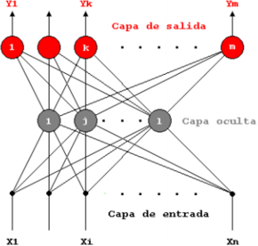 La arquitectura de la red se muestra en la Figura 9, donde el subíndice p indica el p-ésimo vector de entrenamiento, j el número de neurona oculta y el índice i varía desde 1 hasta el número de entradas de la capa de entrada.
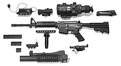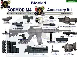 In 1992, U.S. Special Operations Command (USSOCOM) developed the Special Operations Peculiar Modification (SOPMOD) Block I kit for the carbines used by US Special Operations Forces units operating under its command.[64] The kit features an M4A1, a Rail Interface System (RIS) handguard developed by Knight's Armament Company (KAC), a shortened quick-detachable M203 grenade launcher and leaf sight, a KAC sound suppressor, a KAC back-up rear sight, an Insight Technologies AN/PEQ-2A visible laser/infrared designator, along with Trijicon's ACOG TA-01NSN model and Reflex sights, and a night vision sight, among many other accessories.[65] This kit was designed to be configurable (modular) for various missions, and the kit is currently in service with special operations units.[64]
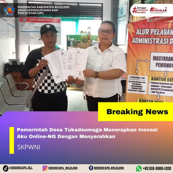 Pemerintah Kabupaten Buleleng melalui Dinas Kependudukan dan Pecatatan Sipil (Disdukcapil) Kabupaten Buleleng memaksimalkan serta mempermudah pelayanan kependudukan masyarakat dengan beberapa inovasi, melalui aplikasi AKU Online-NG. Dimana dalam penerapan aplikasi Aku Online-NG tersebut masyarakat tidak perlu lagi datang ke Dinas Dukcapil untuk melakukan pelayanan langsung cukup dengan datang ke Desa nanti akan dibantu oleh operator Desa masing-masing. Di Desa Tukadsumaga Kecamatan Gerokgak, telah diserahkan dokumen kependudukan berupa SKPWNI atas nama Ni Luh Sri Antini warga alamat asal Banjar Dinas Buluh,Desa Tukadsumaga yang diserahkan oleh Kasi Pemerintahan, Rabu (10/12).
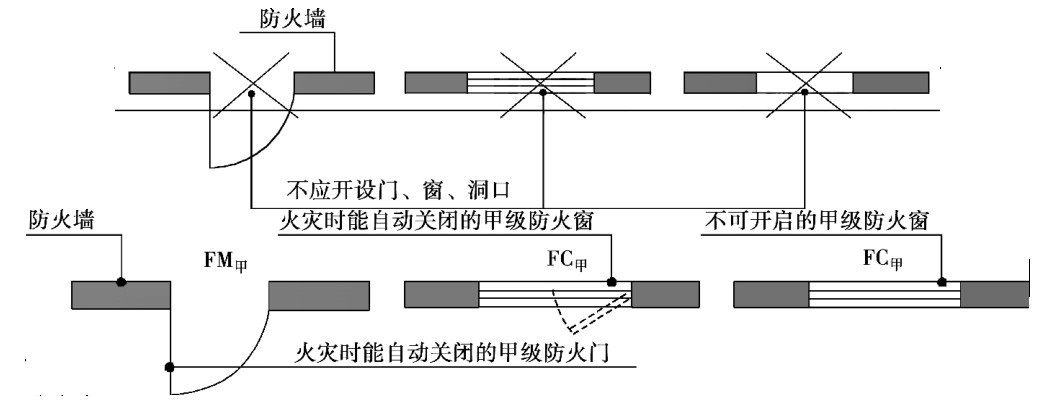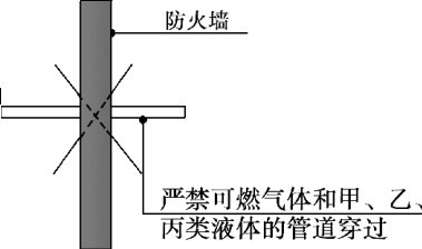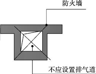 防火墙上不应开设门窗洞口,当必须开设时,应设置能自行关闭的甲级防火门、窗(图13.9)。输送可燃气体和易燃、可燃液体的管道,均严防穿过防火墙,防火墙内不应设置排气道(图13.10);其他管道也不宜穿过防火墙,如必须穿过时,应采用非燃烧材料将其周围的空隙紧密填塞。 穿过防火墙的管道的保温材料应采用非燃材料(图13.11)。
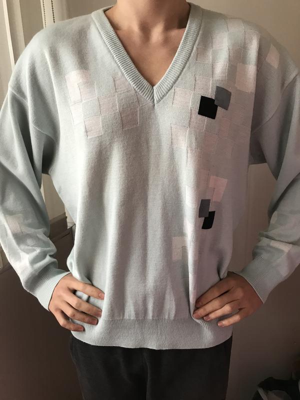 Мужской тёплый джемпер от итальянского бренда Gabicci.Цвет нежно голубой.Размер L(48,50).Модель идёт без горла.Спереди красивый орнамент.Сзади однотонный.Рукав длинный с манжетом. Состав:50%шерсть,50%акрил.
---+---
**What you should do**
Repeat each line of the material, unaltered, from the first through the line with "In 1992, U.S.", and include no pictures.

**Finished exercise**
 La arquitectura de la red se muestra en la Figura 9, donde el subíndice p indica el p-ésimo vector de entrenamiento, j el número de neurona oculta y el índice i varía desde 1 hasta el número de entradas de la capa de entrada.
 In 1992, U.S. Special Operations Command (USSOCOM) developed the Special Operations Peculiar Modification (SOPMOD) Block I kit for the carbines used by US Special Operations Forces units operating under its command.[64] The kit features an M4A1, a Rail Interface System (RIS) handguard developed by Knight's Armament Company (KAC), a shortened quick-detachable M203 grenade launcher and leaf sight, a KAC sound suppressor, a KAC back-up rear sight, an Insight Technologies AN/PEQ-2A visible laser/infrared designator, along with Trijicon's ACOG TA-01NSN model and Reflex sights, and a night vision sight, among many other accessories.[65] This kit was designed to be configurable (modular) for various missions, and the kit is currently in service with special operations units.[64]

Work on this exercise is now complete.